Berbeda dengan anak-anak zaman now yang, barangkali, tidak memerlukan lawan secara fisik. Semua disediakan oleh realitas virtual. Ia bermain, bertualang, atau perang-perangan sendirian saja, didukung oleh gadget dan internet.
Permainan pada zaman sekarang dan dulu sama-sama mengenalkan asas persaingan, kerja sama, dan ihwal menang-kalah.
Namun permainan mutakhir tidak memberikan hikmah, seperti halnya disuguhkan oleh permainan zaman dulu, yang sekarang dianggap permainan tradisional, seperti:
- Mengenal karakter teman main: si cengeng, si mau menang sendiri, si pengalah, dan seterusnya, dengan cara "melihat" langsung perilakunya.

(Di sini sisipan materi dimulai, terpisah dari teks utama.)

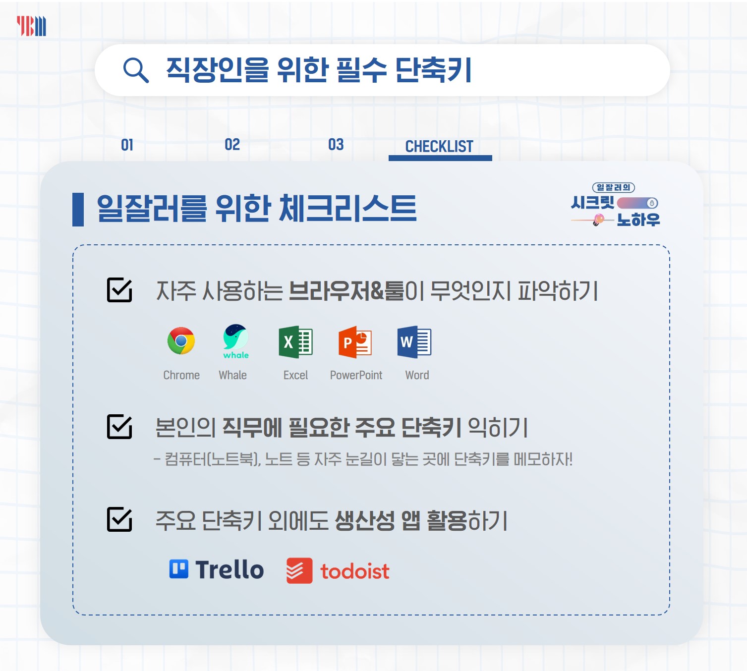 업무 효율성을 높이기 위해 필요한 첫걸음은 자신만의 업무 스타일을 점검하고 최적화하는 것이죠! 이를 위해 간단한 체크리스트를 활용하면 효과적인 업무 환경을 구축할 수 있는데요. 먼저, 크롬, 웨일, 엑셀 등과 같이 자주 사용하는 브라우저와 툴이 무엇인지 파악해 보시기 바랍니다.

- Dengan mengenalnya, sedikit banyak juga akan mengetahui keluarganya.
- Sehat secara fisik, karena sebagian permainan menggunakan otot dan mengeluarkan energi.
- Secara tidak langsung, belajar tentang ketaatan pada aturan, di mana permainan berkenaan dengan sistem tata cara.
- Membiasakan anak berinteraksi secara sosial.
- Mengajarkan nilai-nilai kebaikan yang bermanfaat bagi perkembangan anak.
- Anak mendapatkan kebahagiaan dengan mengekspresikan keinginan untuk bergurau, tertawa, bergembira menurut alam pikirnya.
Akhirnya, terbersit keinginan saya untuk kembali ke masa itu, yang bagaimanapun mustahil terjadi. Hidup bukan seperti pita seluloid yang dapat diputar-ulang, lalu menayangkan kembali kebahagiaan masa kecil.
Kita hanya bisa memutar-ulang di dalam kepala: Nostalgia Suasana Ramadan Masa Kecil
Bagi anak zaman now, berlakulah sebaik-baiknya menjalani hidup. Sekalipun film perjalanan hidup direkam secara digital, ia tidak bisa diputar ulang untuk mengembalikan masa lalu.